June 20, 2011 On Being Lucky Enough to Win a Job: The Story of the Supermarket Lottery in Sardinia
Born and raised in the same place in Southern Sardinia, we, Valentina and Annalisa, discovered some time ago that we share similar research interests in work and precarious employment. Surprisingly enough, we would add, as we lost sight of each other after school and met again ten years later, after having lived and studied in different countries. So we meet from time to time and share our views on what’s going on, and it was on one such occasion when, in a supposedly Irish pub of this supposedly exotic island, we confessed to each other how much we were disturbed by something we had noticed at a local supermarket. Valentina remembered having stared in disbelief at a flier whilst at the checkout, inadvertently slowing down a long line of unsurprised and numb buyers; Annalisa had kept the same flier in her wallet for months, just in case was anyone she encountered not yet aware of the ‘thing’.
This is the story in brief: in 2009, a Sardinian chain of supermarkets, called Despar/Sigma, launched the competition: ‘Win your job’. To be eligible to participate, one needed only to do a shop worth 30 Euros (or multiples thereof). In exchange for each 30 Euro spend, the customer received a ticket. If selected in the subsequent lottery they would win one of 48 one-year job contracts with the supermarket chain available that year. To be eligible to work, interchangeably, as a cashier or on the counter, the only qualification required was an age one: to be between 18 and 29 of age, rising to 32 if classifiable as in long-term unemployment.
What a non Italian reader needs to know is that it is common for Italian supermarkets to keep clients close by giving them little gifts, the economic value of which depends on how much they have spent in a given time. So, what’s different here? Some may ask. The more you buy, the better your chances of winning a job. And winning a job is after all ‘more useful’ than ‘winning a pot’ ! In addition, what a non Italian reader may not be aware of is that Sardinia is not only an exotic island in the heart of the Mediterranean Sea but is also an economically depressed area with unemployment rate of 45 per cent for 15–29 year olds.
So, whilst being bombarded by talent shows and TV programmes of all sorts showing us how to become successful, even how to get a ‘normal’ job , we are now presented with the opportunity to build our working lives through a lottery. As sociologists, we are inevitably left with a range of questions: what does it tell us that a selection process based on skills and experience is so blatantly annihilated? Is it the high rate of youth unemployment that explains the apparent devaluation of work as a centre of one’s identity? And does anyone care about the fact that a young person might want to go for a job which is in line with their personal aspirations, plans, even vocation, which might – or might not — include obtaining a supermarket job?

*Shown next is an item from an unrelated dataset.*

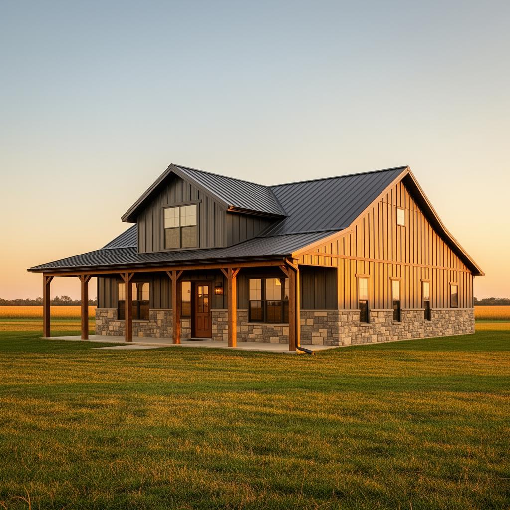 Quality barndominium construction - custom ranch and two-story barndominiums with modern finishes, porches, and attached or detached garages.

And why should people’s achievements in securing work count for nothing in those cases when they not publicised, turned into an event, made into something extraordinary as for the winners of this lottery?
In recent years, the title of Gallino’s (2007) book, ‘Il lavoro non è una merce’ (Work is not a commodity), has represented the work of Italian sociology well, in its engagement with normative debates about the dignity of work, and boundaries to commodification and flexibilization in order to ensure acceptable standards for working people. Despite this animated discussion, which has partly resonated with European scholarly debates and, even more interestingly, has gone along with painful transformations towards increasing flexibilization in the legal system in Italy, we have witnessed some surprising reactions to the ‘Win a job’ lottery.

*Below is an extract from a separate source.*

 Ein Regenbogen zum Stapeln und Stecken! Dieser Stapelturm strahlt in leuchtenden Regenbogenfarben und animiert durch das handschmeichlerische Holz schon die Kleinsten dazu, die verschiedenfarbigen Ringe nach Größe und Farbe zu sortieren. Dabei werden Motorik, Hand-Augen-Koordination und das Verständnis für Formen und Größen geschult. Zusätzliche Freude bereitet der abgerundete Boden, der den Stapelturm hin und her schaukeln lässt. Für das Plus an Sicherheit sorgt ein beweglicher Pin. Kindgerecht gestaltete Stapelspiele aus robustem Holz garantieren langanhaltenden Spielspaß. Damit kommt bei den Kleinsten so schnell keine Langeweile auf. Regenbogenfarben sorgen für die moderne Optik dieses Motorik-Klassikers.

There has been no public objection by the local unions. It has been reported that older people have been seen donating the 30 Euro tickets to young people in the checkout line, wishing them luck. We have heard from young people worried only that the jobs won may not be realised, and that a one year contract was ultimately not a good enough solution to long term unemployment. Nobody seems to have contested the rationale of the competition. For the rest, so far so good. Such a sympathetic reaction has galvanized the promoter of the initiative, brought good money to the supermarket chain, and ‘pampered’ some real social problems.
This is an opportunity to reflect on the range of views on how lucky one should be in winning a job and what this tells us about contemporary Sardinian society, or other similar places. Is it simply the case that the need to work for a living cuts what could be a long story short? And what should the role of sociologists and unions be in all this? We feel there is plenty to discuss still — perhaps at our next meeting.
References
Luciano Gallino, Il lavoro non è una merce, Roma, Laterza 2007.

Comments
Fascinating story, and thanks very much for writing it.
In a world where Human Resources departments ensure even low-skilled workers are recruited for ‘personality’ and ‘attitude’, via extensive application and interview processes, this lottery for jobs is certainly novel, as well as disturbing.
I predict in a couple of years the company will have some ‘success’ stories on its website: “three years ago Roberto was unemployed. Then he won a job, and impressed us so much we kept him on. Now he’s the branch manager and ready to train up the next generation of luck job lottery winners”.